MGWCC crossword 3:14
meta 1ish
[3.60 avg; 5 ratings] rate it
hello, and welcome to episode #936 of matt gaffney’s weekly crossword contest, a week 2 puzzle called “I See Your Point”. the instructions this week: This puzzle’s 10-letter contest answer is what you need to do to get that answer. okay, what are the theme answers? only one, the last across clue: {What a dog may chase…or, what the southeast-pointing part of a certain uppercase letter is called} TAIL.
it wasn’t hard to figure out what this referred to, because there were ten Q’s in the grid. ten Q’s in a grid is a lot (like, a lot a lot), and it was very noticeable: some of the Q-containing words were unfamiliar (QUAVO), awkwardly inflected (STATUS QUOS), partials (Q AND), or worst of all, QUES which is both an unusual abbreviation and a dupe of Q AND.
anyway, putting that aside for now, let’s solve the meta: the clue for TAIL hints that we should look to the southeast of each Q. those ten letters, circled in the screenshot above, spell out FOLLOW A CUE, which is the answer to the meta. it’s a nice punchline, because we’re both following cues and following Q’s.

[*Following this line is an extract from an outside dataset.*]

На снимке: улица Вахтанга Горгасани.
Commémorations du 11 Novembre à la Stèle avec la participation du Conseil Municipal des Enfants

despite that, i found this puzzle not that much fun to solve, because the strain on the grid resulting from jamming it with ten Q’s was really too much for a 15×15, in my opinion. a lot of the resulting fill was bad enough that the crossword was just unpleasant to solve, and the grid pretty much checked off every kind of bad fill. in addition to the Q words themselves, you had a passel of partials, nine by my count: A SEC, A REAL, A ROOM, OWE A, EAT A, A DEAN, RISE A (!?!), and worst of all, HOP ‘O (in addition to Q AND already mentioned). there were other awkward plurals like ATTA BOYS and NOTS. there was the presidential monogram RMN. there were people i’d never heard of like alfonso ARAU and people i’d heard of but still think of as fusty crosswordese like max EUWE and joseph ALIOTO. there were uncommon foreign words EDEL (clued as a prefix, even!) crossing DESDE, variant form EUCALYPT, and blatant dupe EAT A / EAT OVER. about the only kind of crummy fill it didn’t have was a random roman numeral. overall, it really made me wish this had been a 17×17 (or larger) and then we could have had the same meta mechanism but hopefully without all the forced fill.

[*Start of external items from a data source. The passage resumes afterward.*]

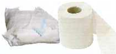
재활용이 안되는 폐지류
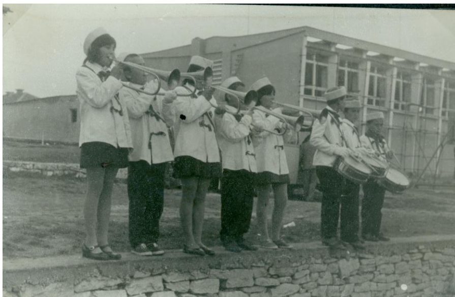
Фанфарната музика при училището

- Добре работи и пионерският хор съвместно с малкия състав духова музика, фанфарен и барабанен състав, които се изявиха на наши тържества. Недостатъчна бе помощта от страна на класните ръководители.
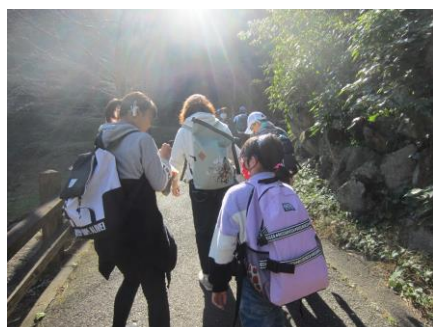
坂道も楽しい会話

some bits that i did enjoy:
- {Home to Canyonlands National Park} UTAH. we just went to UTAH in april for the fourth time, and are now utah national park completists. canyonlands is, i believe, the least visited of the five national parks in utah, but it’s quite lovely.
- {They go in one ear but not out the other} Q-TIPS. that’s a good clue! (yes, i know you’re not supposed to put Q-TIPS in your ear but obviously people do.)
- {Hit 2012 South Korean historical comedy} I AM THE KING. i wasn’t familiar with this fim, and it doesn’t appear to have been a hit anywhere other than in korea, but reading up on it, it looks interesting. it’s a version of the prince and the pauper, set in the joseon dynasty.
that’s all i’ve got this week. how’d you like this one?
Most googling I’ve ever done for a puzzle I think!
Nice meta though. I wonder how solvable it would’ve been without the TAIL clue. It’s so obvious that the Qs are important, and “point” in the title could pretty quickly get us to check what the Qs are pointing to. And without TAIL, that at least would have eased the bottom right of the grid, and maybe added a section to move one of the Qs to make things smoother.
Thanks, joon — 407 correct entries this week, of which 391 were solo solves.
Puzzle: MGWCC; Rating: 5 stars
Never heard of the 1 Across clue, and never heard of Suge. Matt used Hop’O before, long ago, and I remembered it. 39D is part of an old joke:
Knock, Knock
Who’s there?
Eucalypt
Eucalypt who?
Eucalypt his hair too short!
When I got EDEL I wondered if is used in that Sound of Music song. Sure enough!
Edelweiß / Edelweiss: literally “noble white,” the alpine flower whose name combines edel + weiß (“white”).
I’m sure that must have been a real ball-buster to construct. There is a reason you don’t see Qs often in crosswords. 10 has got to be a record! Not only position each Q, but then position where the tail points the 10 letters you need for the meta answer, in grid order! I’m giving Matt a 5 for the construction, even though I hated solving the grid.